Parmi les nombreuses omissions flagrantes du rapport (la chasteté par exemple n'est mentionnée qu'une fois) la plus remarquable est l'absence de toute référence à la sainteté comme mission de toute l'Eglise et de la pratique pastorale.
Le rapport du Cardinal Erdö ne mentionne la sainteté qu'une fois - quoique en passant - mais par ailleurs, il s'occupe exclusivement d'apaiser les sentiments des gens en montrant de la sympathie pour toute situation irrégulière. Cela pourrait aider à dépasser l'image négative de l'enseignement de l'Eglise en matière de sexualité, et en cela le rapport serait bienvenu, s'il n'était en réalité scandaleux, dans le strict sens qu'il conduit les gens loin de Dieu (voir Mt 18, 6).

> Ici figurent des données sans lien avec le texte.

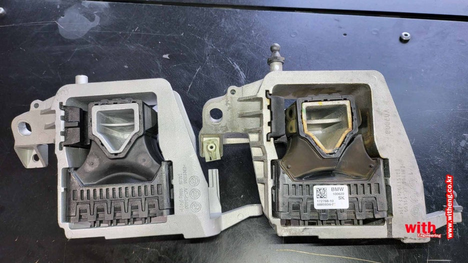 신품 엔진 마운트와 파손된 엔진 마운트입니다.고객님의 요청으로 두 가지만 교환합니다.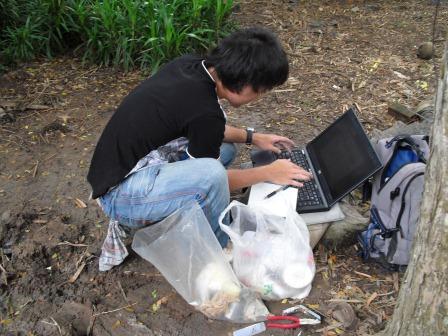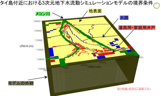 タイ島の地下水は,メコン川と一部つながっていると考えられることから,河川水位の変動と地下水位の変動の相関性を検討しています.そのために2009年1月から河川水位の連続観測を行っています.また,雨量についても2009年5月から10分ごとの雨量を観測しています.

Il est triste de dire que l'agenda du Synode (à présent plus tellement caché) alimente l'agenda plus large d'une société sécularisée qui menace la famille traditionnelle dans ses fondements. Et même cela est secondaire. Ce qui est en jeu finalement est la mission de l'Eglise de guider les gens vers l'union avec Dieu en Christ: la sainteté.

Le jour suivant la publication du rapport, le sujet choisi par l'archevêque péruvien Salvador Pineiro Garcia-Calderon pour son homélie du matin était, significativement, la sainteté. C'etait une intervention très opportune en ce qui est vraiment un Synode extraordinaire.